Live album by John Cale
- Released: 20 December 1979
- Recorded: 13–16 June 1979
- Venue: CBGB (New York City)
- Genre: Rock
- Length: 45:30
- Labels: SPY/I.R.S. (original release), A&M Canada (reissue), Diesel Motor (reissue)
- Producer: John Cale

John Cale chronology
| Guts (1977) | Sabotage/Live (1979) | Honi Soit (1981) |

Alternative cover
- Cover of the 1999 deluxe re-issue.

= Sabotage/Live =

Sabotage/Live is a live album by the Welsh rock musician John Cale. It was recorded at CBGB, New York City on 13–16 June 1979, and released by SPY Records in December 1979.

Professional ratings
Review scores
| Source | Rating |
| AllMusic | Star |
| Christgau's Record Guide | B |
| Rolling Stone | favourable |
| Trouser Press | unfavourable |

== Release ==
A studio version of "Mercenaries (Ready for War)" was released as a single in the US on 14 March 1980. The sleeve notes that are on the B-side state that the "vocal distortion (is) intended."
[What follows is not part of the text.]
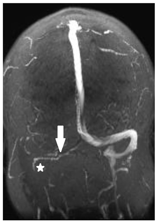 Magnetic resonance venography shows thrombosis of the transverse (arrow) and right sigmoid (asterisk) sinuses.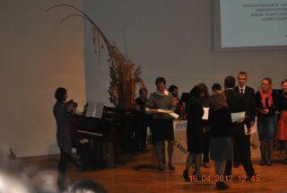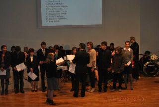 23 kwietnia 2012r. w Bielsku-Białej odbyła się uroczystość wręczenia zaświadczeń - dyplomów laureatom konkursów przedmiotowych dla uczniów gimnazjum. W uroczystości wzięli udział także uczniowie naszej szkoły, którzy w tym roku zdobyli tytuł Laureata. Arkadiusz Greń uczeń III klasy gimnazjum został Laureatem w konkursie z matematyki. Do konkursu przygotowywała go pani Dorota Kowalczyk. Drugim tegoroczym Laureatem z historii został uczeń klasy II gimnazjum Andrzej Dybał. Opiekunem Andrzeja był pan Witold Bulik. Tytuł Laureata zapewnia uczniom zwolnienie z egzaminu gimnazjalnego i uzyskanie tym samym maksymalnej liczby punktów z tego egzaminu. W tym roku z tego przywileju skorzystał Arek. Zwolniony był zarówno z części matematycznej, jak też przyrodniczej. W komfortowej sytuacji jest Andrzej, ponieważ już na rok przed terminem egzaminu zapewnił sobie zwolnienie z części humanistycznej oraz historii i WOS-u. Ma szansę ubiegać się o tytuł Laureata z innych przedmiotów np. przyrodniczych i języków obcych i uzyskać zwolnienie z pozostałych egzaminów, czego serdecznie mu życzymy. Laureatom, jak ich opiekunom serdecznie gratulujemy sukcesu i życzymy kolejnych.

It was later reissued on CD by A&M Records Canada, and reissued again in the UK by Diesel Motor Records. Both CD releases use the same vinyl rip as the source recording. The Diesel Motor CD reissue contains four extra tracks. The first three are originally from Cale's debut extended play (EP) Animal Justice (1977), while the fourth was the B-side of the "Mercenaries (Ready for War)" single (the A-side, which was an entirely different recording than the live album version, was not included as the master tape is lost). However, this was included on the unofficial download available on the ZE Records website from 2011.

== Critical reception ==
NME said of the backing band, "What they lack in finesse they make up for with a remorseless drive that equally befits Cale's cold-blooded, gut-churning music of fear – but puts the weight on the gut-churning. In fact it's surprising that there isn't a song about a mass-murderer amongst them; instead, for the first side at least, Cale is in the grip of post-nuclear mental tremors, raving obsessively about espionage, atom bombs and the dogs of war."

== Track listing ==

Note: Early vinyl versions contain a locked-groove of alarm-like noise at the end of Side 2.

Side A
| No. | Title | Writer(s) | Length |
|---|---|---|---|
| 1. | "Mercenaries (Ready for War)" |  | 7:33 |
| 2. | "Baby You Know" |  | 3:52 |
| 3. | "Evidence" |  | 3:28 |
| 4. | "Dr. Mudd" |  | 3:42 |
| 5. | "Walkin' the Dog" | Rufus Thomas Jr. | 4:06 |

Side B
| No. | Title | Length |
|---|---|---|
| 6. | "Captain Hook" | 11:26 |
| 7. | "Only Time Will Tell" | 2:37 |
| 8. | "Sabotage" | 4:59 |
| 9. | "Chorale" | 3:42 |
| Total length: |  | 45:30 |

Bonus tracks on 1999 reissue
| No. | Title | Writer(s) | Length |
|---|---|---|---|
| 10. | "Chicken Shit" |  | 03:57 |
| 11. | "Memphis" | Chuck Berry | 4:00 |
| 12. | "Hedda Gabler" |  | 5:23 |
| 13. | "Rosegarden Funeral of Sores" |  | 5:50 |

Bonus track on 2011 remastered download
| No. | Title | Length |
|---|---|---|
| 14. | "Mercenaries" (Studio Version) | 4:21 |

== Personnel ==
- John Cale − vocals, piano, guitar, fretless bass, viola
- Marc Aaron − lead guitar
- Joe Bidewell − keyboards, vocals
- Doug Bowne − drums, vocals
- Deerfrance − percussion, vocals
- George Scott − bass, vocals

Technical
- Jane Friedman − executive producer
- Charlie Martin − recording
- Warren Frank, John Cale - mixing
- John Vogel − art direction
- Hugh Brown − photography

Animal Justice EP
- John Cale − vocals
- Ritchie Flieger − guitar
- Jimmy Bain − bass
- Bruce Brody − Moog synthesizer
- Kevin Currie − drums
- Jane Friedman − backing vocals on "Chicken Shit"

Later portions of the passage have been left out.